= Debra Callahan =

American physicist

Debra Ann Callahan is an American physicist known for her work on the design of hohlraum targets for inertial confinement fusion. She is a former researcher at the Lawrence Livermore National Laboratory and the target design lead at Focused Energy, a fusion power start-up company in the San Francisco Bay Area.

==Education and career==
Callahan studied mathematics and physics at the University of Denver, graduating in 1985. After two years of graduate study at Cornell University, she moved to the University of California, Davis, where she completed a Ph.D. in 1993.
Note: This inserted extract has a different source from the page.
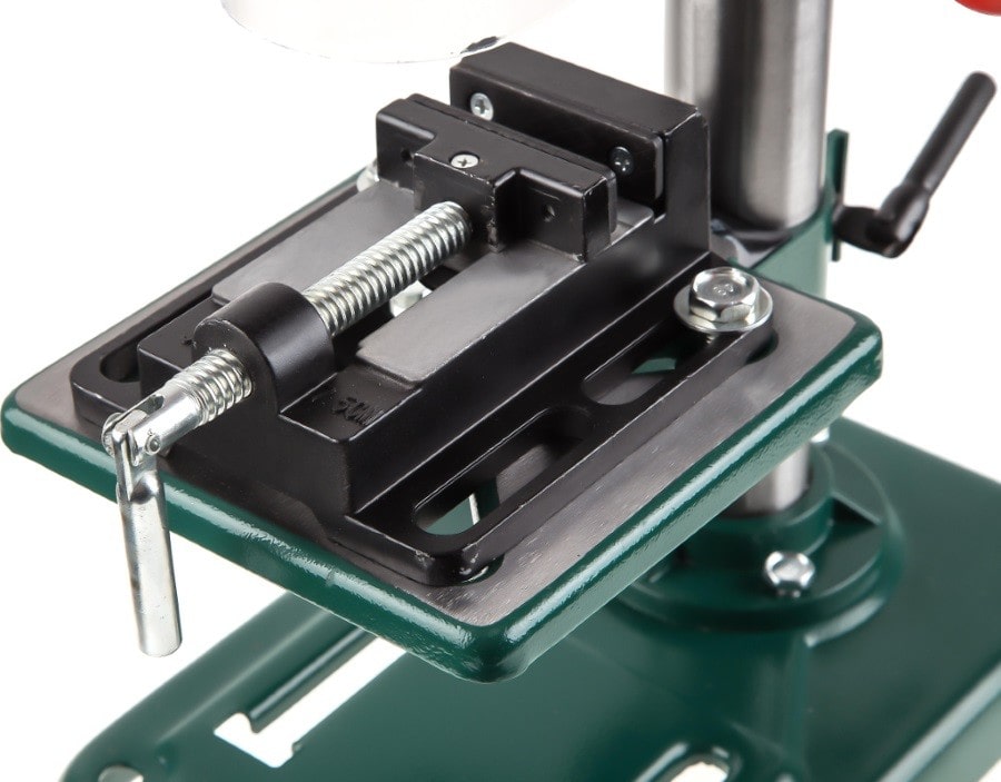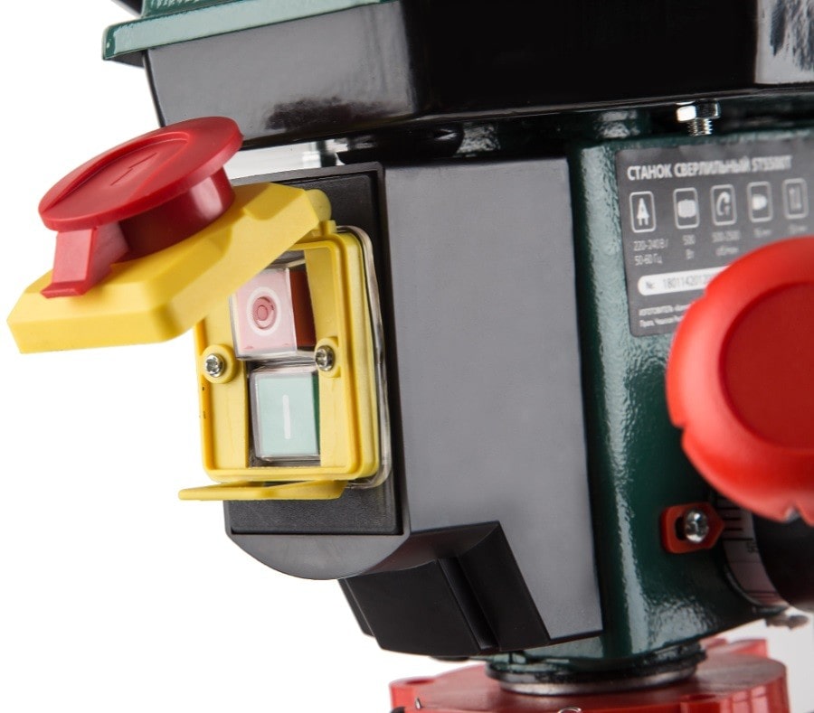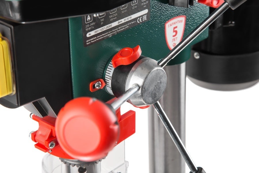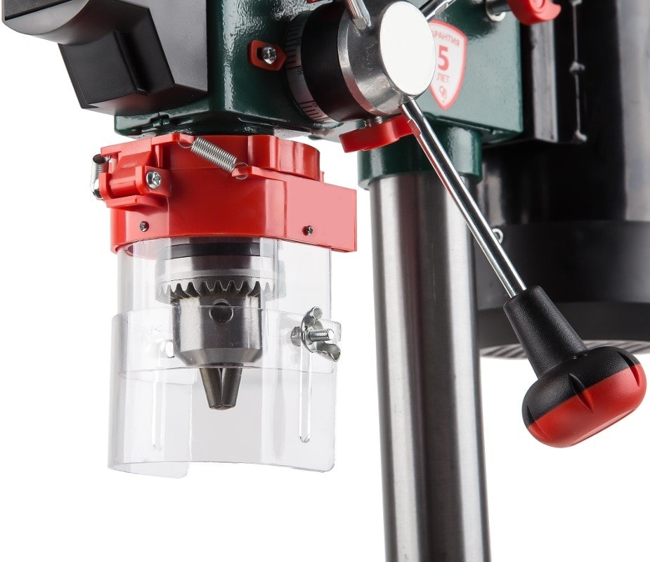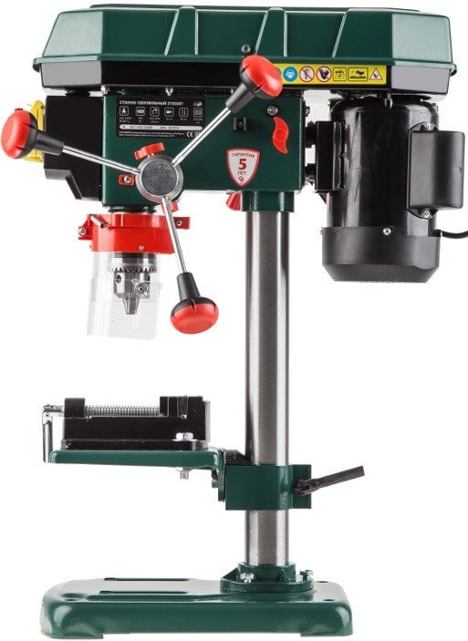 Характеристики: 500 Вт; 9 скоростей; наклон до 45 град; D 16 мм ключевой патрон; ход шпинделя 50 мм; число оборотов 500 - 2500 об/мин; вес 17,0 кг. Комплектация: стол с тисками; 16мм сверлильный патрон; ключи

She worked for 35 years at Lawrence Livermore National Laboratory (LLNL), after joining the laboratory as a graduate student at Davis in 1987. She joined its National Ignition Facility project in 2004, and became a leader within the project before moving to her present position at Focused Energy.

==Recognition==
Callahan was a member of a team at LLNL that received the 2012 John Dawson Award for Excellence in Plasma Physics Research of the American Physical Society (APS), given "for predicting and demonstrating the technique of laser scatter on self-generated plasma-optics gratings that enables generation and redirection of high-energy laser beams important for indirect drive inertial confinement fusion and high-power laser-matter interactions". Callahan was elected as a Fellow of the American Physical Society, in the 2014 class of fellows, after a nomination from the APS Division of Plasma Physics, "for innovative design and modeling of hohlraums for Inertial Confinement Fusion and leadership in the execution of hohlraum experiments on the National Ignition Facility".

She was a 2022 recipient of the Fusion Power Associates Leadership Award, and the recipient of the 2023 Ronald C. Davidson Award for Plasma Physics of AIP Publishing and the APS Division of Plasma Physics.